##### DATA FOR THE TASK
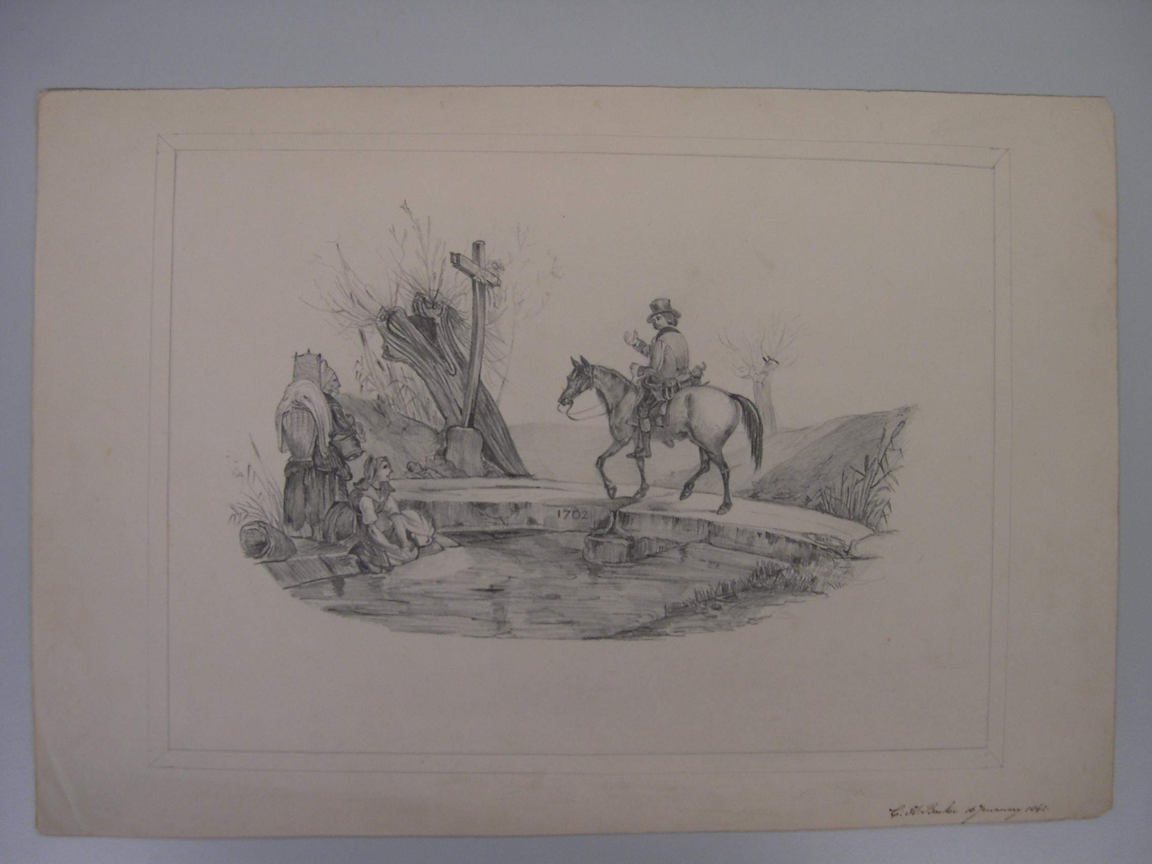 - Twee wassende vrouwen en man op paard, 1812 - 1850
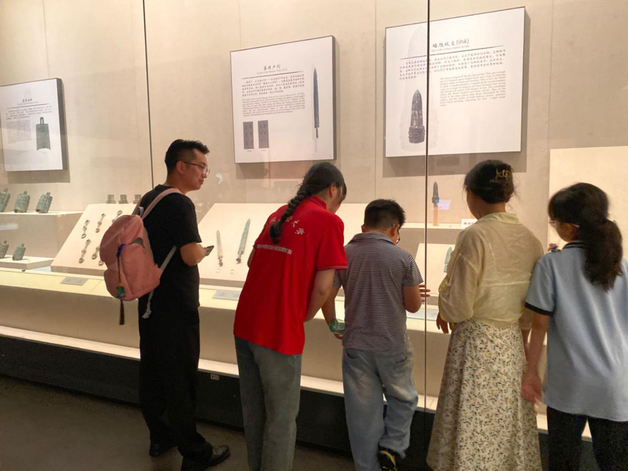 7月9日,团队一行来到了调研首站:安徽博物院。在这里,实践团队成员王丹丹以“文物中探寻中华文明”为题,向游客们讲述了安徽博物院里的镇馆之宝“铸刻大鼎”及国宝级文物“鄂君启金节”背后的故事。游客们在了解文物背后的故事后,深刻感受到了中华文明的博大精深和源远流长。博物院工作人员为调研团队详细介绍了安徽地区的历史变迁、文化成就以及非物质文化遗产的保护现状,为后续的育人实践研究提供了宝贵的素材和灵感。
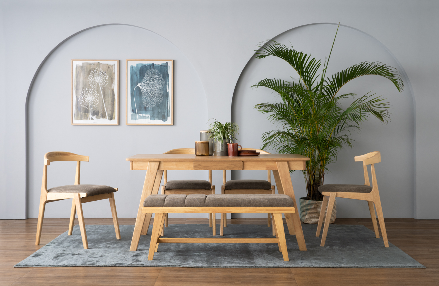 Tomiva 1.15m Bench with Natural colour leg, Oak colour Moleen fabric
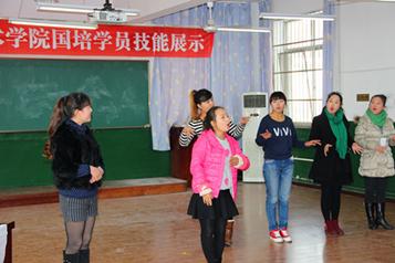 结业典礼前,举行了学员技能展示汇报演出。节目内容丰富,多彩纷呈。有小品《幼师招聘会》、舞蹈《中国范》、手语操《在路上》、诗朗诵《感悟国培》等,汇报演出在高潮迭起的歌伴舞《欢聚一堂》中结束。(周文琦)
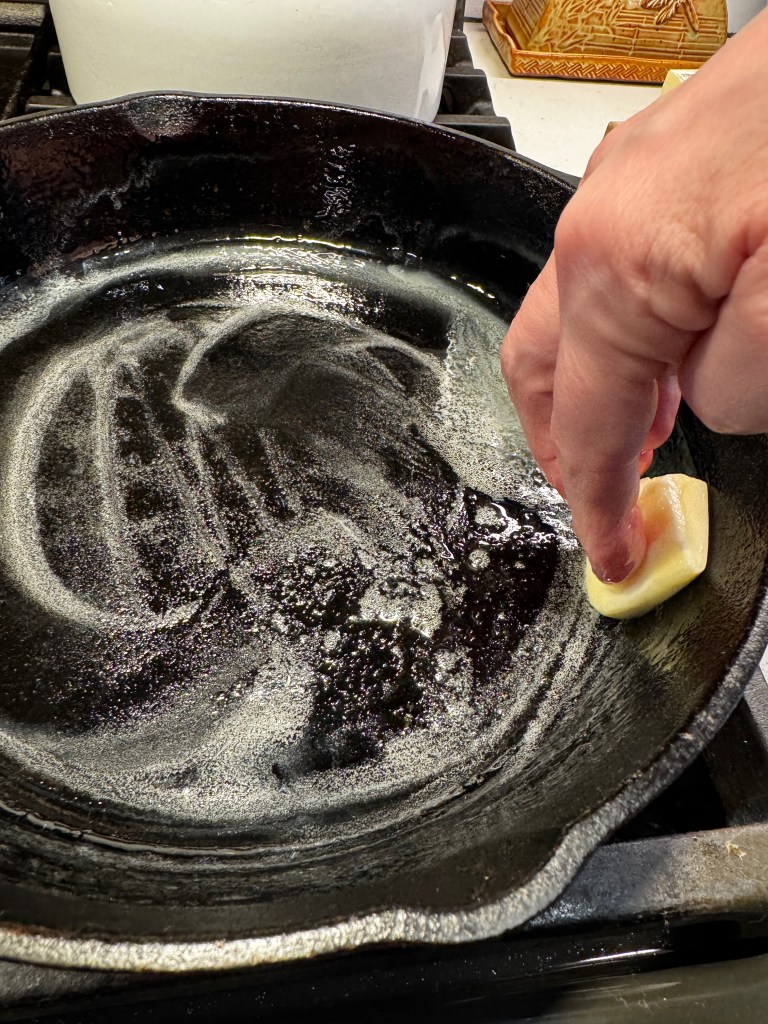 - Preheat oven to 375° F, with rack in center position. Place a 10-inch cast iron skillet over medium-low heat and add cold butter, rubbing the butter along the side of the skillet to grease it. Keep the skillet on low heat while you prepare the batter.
##########
- PROBLEM -
From the first line to the last, repeat the records above exactly, leaving out the pictures.

- WRITTEN SOLUTION -
 - Twee wassende vrouwen en man op paard, 1812 - 1850
 7月9日,团队一行来到了调研首站:安徽博物院。在这里,实践团队成员王丹丹以“文物中探寻中华文明”为题,向游客们讲述了安徽博物院里的镇馆之宝“铸刻大鼎”及国宝级文物“鄂君启金节”背后的故事。游客们在了解文物背后的故事后,深刻感受到了中华文明的博大精深和源远流长。博物院工作人员为调研团队详细介绍了安徽地区的历史变迁、文化成就以及非物质文化遗产的保护现状,为后续的育人实践研究提供了宝贵的素材和灵感。
 Tomiva 1.15m Bench with Natural colour leg, Oak colour Moleen fabric
 结业典礼前,举行了学员技能展示汇报演出。节目内容丰富,多彩纷呈。有小品《幼师招聘会》、舞蹈《中国范》、手语操《在路上》、诗朗诵《感悟国培》等,汇报演出在高潮迭起的歌伴舞《欢聚一堂》中结束。(周文琦)
 - Preheat oven to 375° F, with rack in center position. Place a 10-inch cast iron skillet over medium-low heat and add cold butter, rubbing the butter along the side of the skillet to grease it. Keep the skillet on low heat while you prepare the batter.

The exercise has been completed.